Eventual Consistency
As stated before, the data is propagated to the GSIs asynchronously. It may take few seconds to minutes for the data to appear in the GSI.
Since GSIs support eventual consistency, there would be brief periods where the data would be present in the original table but not in the GSI.
Now that you understand the downsides of having GSIs, let’s look at some best practices while designing GSIs.
GSI best practices
Schema design
Once GSIs are created, they can’t be modified. So, it’s essential to carefully design the GSI schema. Here are some tips to design the schema:-
Design the GSI keys based on your application’s most frequent query patterns.
Include multiple attributes in the sort key to enable filtering on several criteria.
Performance considerations
Based on your application’s performance requirements, following are some practices that you can follow:-
Avoid hot partitions for low cardinality GSI keys. For eg:- status can be ACTIVE, or FAILED. In such cases, add a suffix (0-100) to distribute the key uniformly.
GSIs are not the right fit in case you want strong consistency. So, choose GSIs if your application can tolerate eventual consistency.
Monitor throttling of base table and GSI to minimize consistency issues.

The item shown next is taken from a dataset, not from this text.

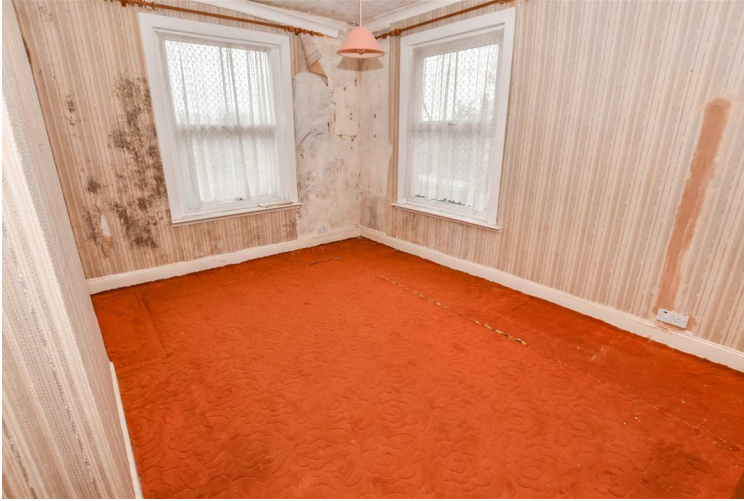
Bedroom Four 14'0 x 11'0 (4.27m x 3.35m)

Consider using on-demand capacity for GSIs in case the load is unpredictable and spiky in nature. For predictable workloads, provisioned capacity would be appropriate.
Cost considerations
GSIs are costly since you get charged for the additional storage and writes to the original table. Here’s how you can optimize the costs:-
Avoid creating GSIs unless there’s a strong need.
In case the number of GSIs exceed 10 or 15 (maximum is 20), it maybe worth considering DynamoDB as the right choice of database.
Keep sparse data in the GSI. For eg:- In case you only want active items in the cart, create a separate column (GSI_Status) and set its value only when the cart item is ACTIVE. For other states, set the value as null. GSI ignores null values and you can reduce the data size.
Conclusion
DynamoDB provides Global Secondary Index (GSI) feature to perform a look-up on non-partition key attribute. The feature is helpful for applications that need different data access patterns.
While GSIs extend the querying capabilities of application, it has the following downsides:-
Internally, a separate physical table is created with user specified partition and sort key.
It results in data duplication and higher storage costs.
GSIs consume separate capacity units than the original table.
Sound understanding of GSIs and their best practices help you avoid problems like hot partitions. Also, it helps prevent unexpected billing issues in the future.
It’s important to keep track of how many GSIs you use. If the count crosses into double digits, you should reflect whether key-value store is the right solution to the problem.